Antwoord van Staatssecretaris Knops (Binnenlandse Zaken en Koninkrijksrelaties) (ontvangen
12 oktober 2021).
Vraag 1
Bent u bekend met het gecombineerde 22ste/23ste/24ste periodieke rapport van het Committee
on the Elimination of Racial Discrimination over het Koninkrijk der Nederlanden?1
Antwoord 1
Ja.
Vraag 2 en 3
Wat is uw reactie op de kritiek die de commissie uit over onder meer de voorwaarden
die Nederland stelt aan de coronasteun aan Curaçao, Aruba en Sint Maarten en dat deze
nadelig uitpakken voor de eilanden?
Bent u bereid de zorgen van de commissie te betrekken bij het toekennen van volgende
tranches?
Antwoord 2 en 3
De commissie spreekt zorgen uit over het feit dat er voorwaarden verbonden zijn aan
de financiële support voor de landen gedurende de Covid-19 pandemie, waardoor de financiële
steun minder gunstig was vergeleken met Europees Nederland.

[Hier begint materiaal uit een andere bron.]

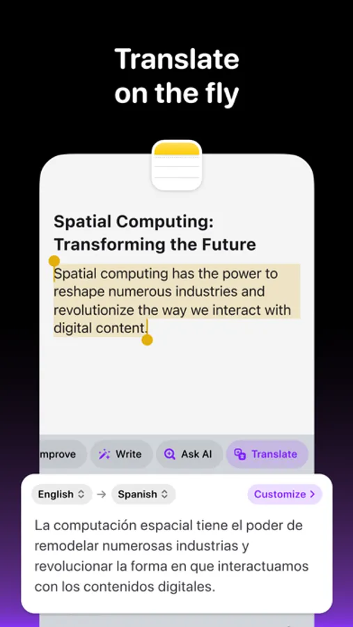 • Seamlessly translate your text from English into X different languages through your keyboard.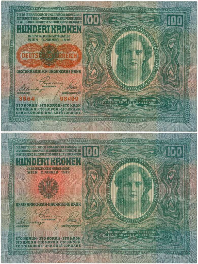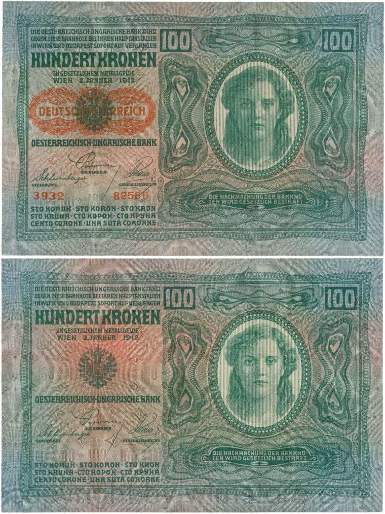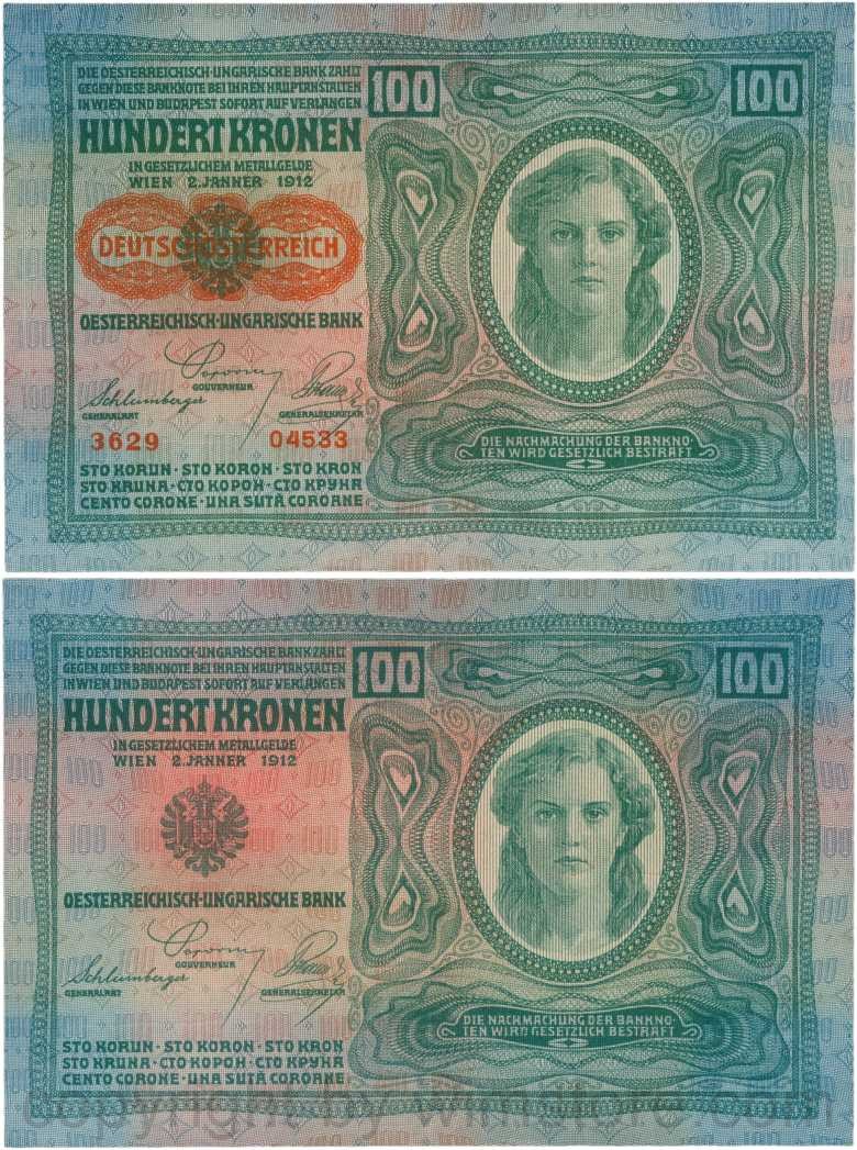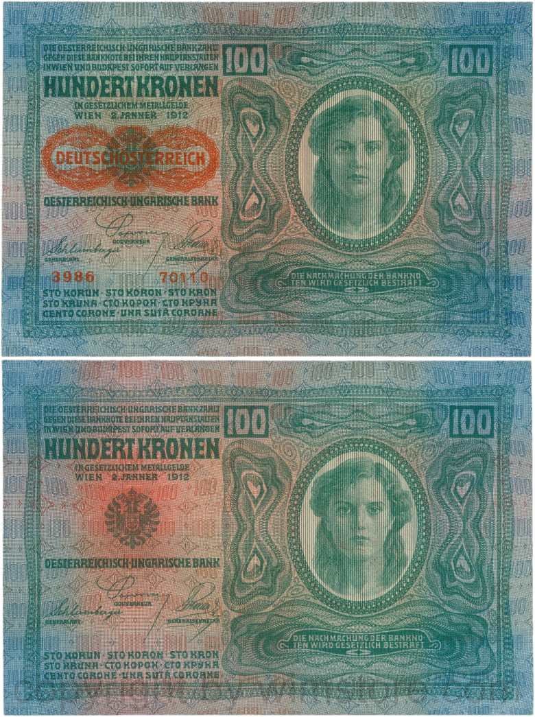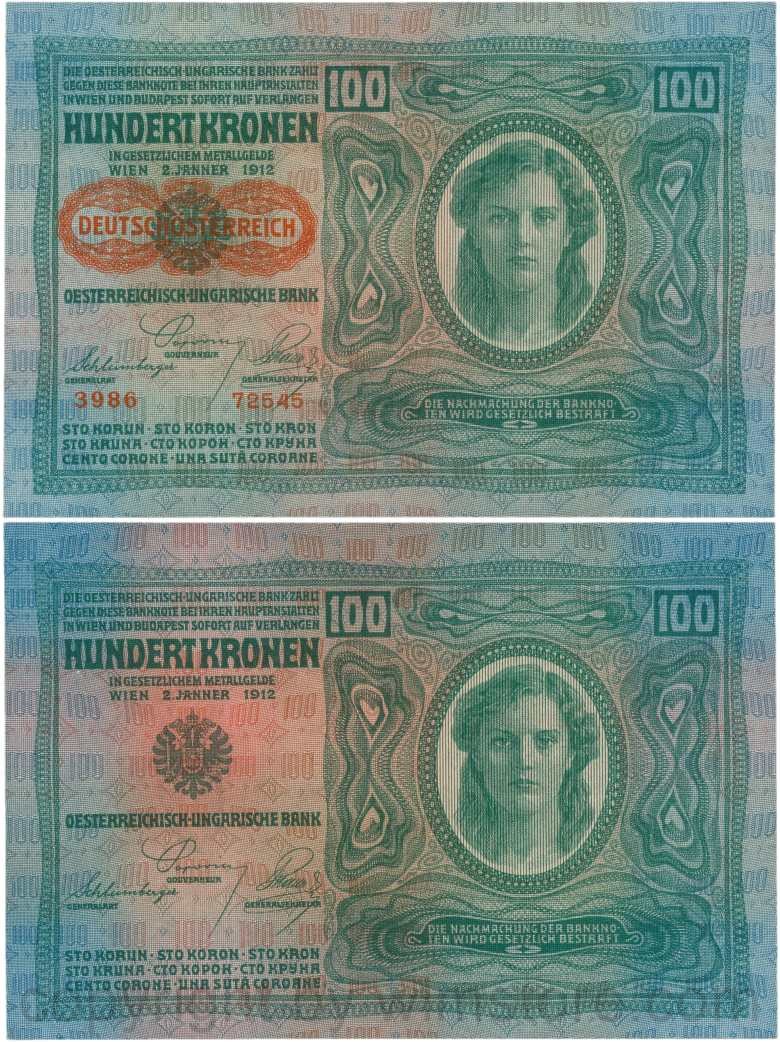 Österreich, 1. Republik, P056.2, 100 Kronen 2.1.1912, Aufdruck "DEUTSCHÖSTERREICH" (1919), dünnes Papier; 2 Originalfoto.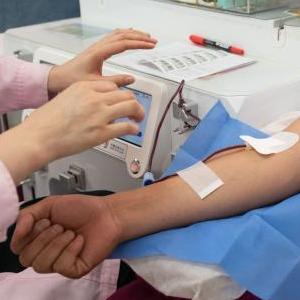 6月14日,在寧夏銀川市新華街愛(ài)心獻血車(chē)外,市民展示無(wú)償獻血證。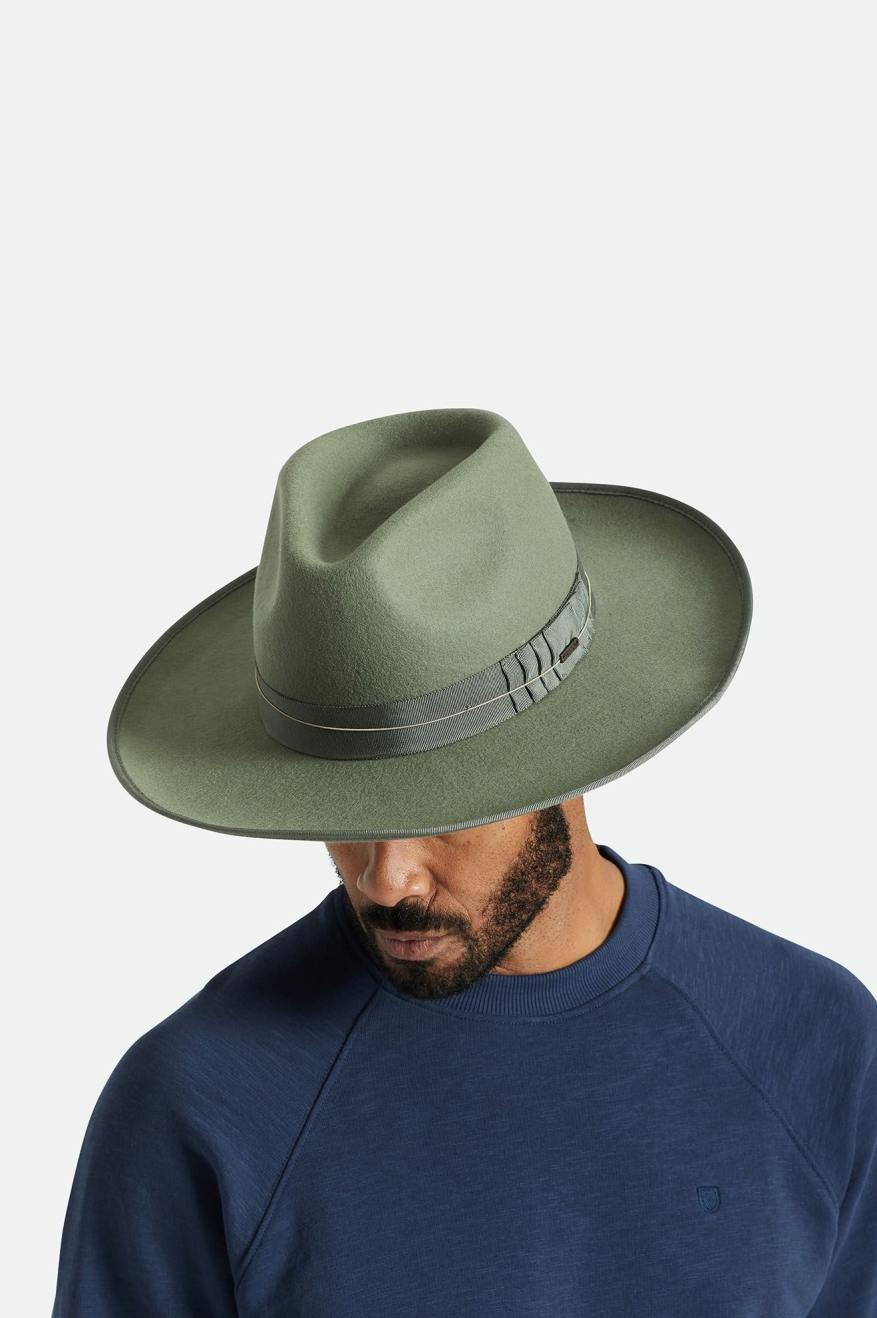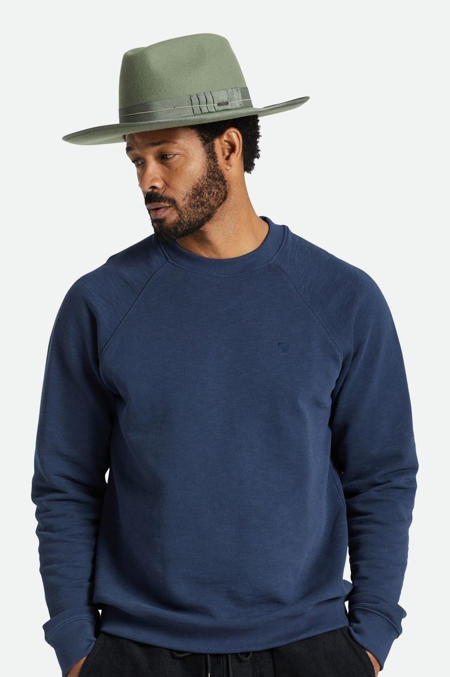 The Reno Fedora is a modern take on a heritage style. It has an iconic teardrop crease and a symmetrical front pinch. Made with responsibly sourced wool felt and layered with a grosgrain band and monochromatic brim taping.

Het Koninkrijk bestaat
uit vier autonome landen, met overheden die zelf verantwoordelijkheid dragen voor
het welzijn van hun inwoners. Die autonomie brengt ook met zich mee dat er verschillen
in aanpak zijn in tijden van een crisis en dat er verschillend kan worden gereageerd
op uitdagingen die zich tijdens een crisis presenteren. Niettemin staan de landen
elkaar tijdens zulke crises binnen het Koninkrijk zoveel mogelijk bij en bieden zij
elkaar hulp en bijstand. Nederland heeft dat bij COVID-19 gedaan door middel van voedselhulp
en medische hulp. Daarnaast lenen de Caribische landen bij Nederland tegen 0% rentef,
de zogeheten liquiditeitssteun. Ik wil in dit verband opmerken dat bij het begin van
de crisis de eerste tranche liquiditeitssteun zonder aanvullende voorwaarden is verstrekt.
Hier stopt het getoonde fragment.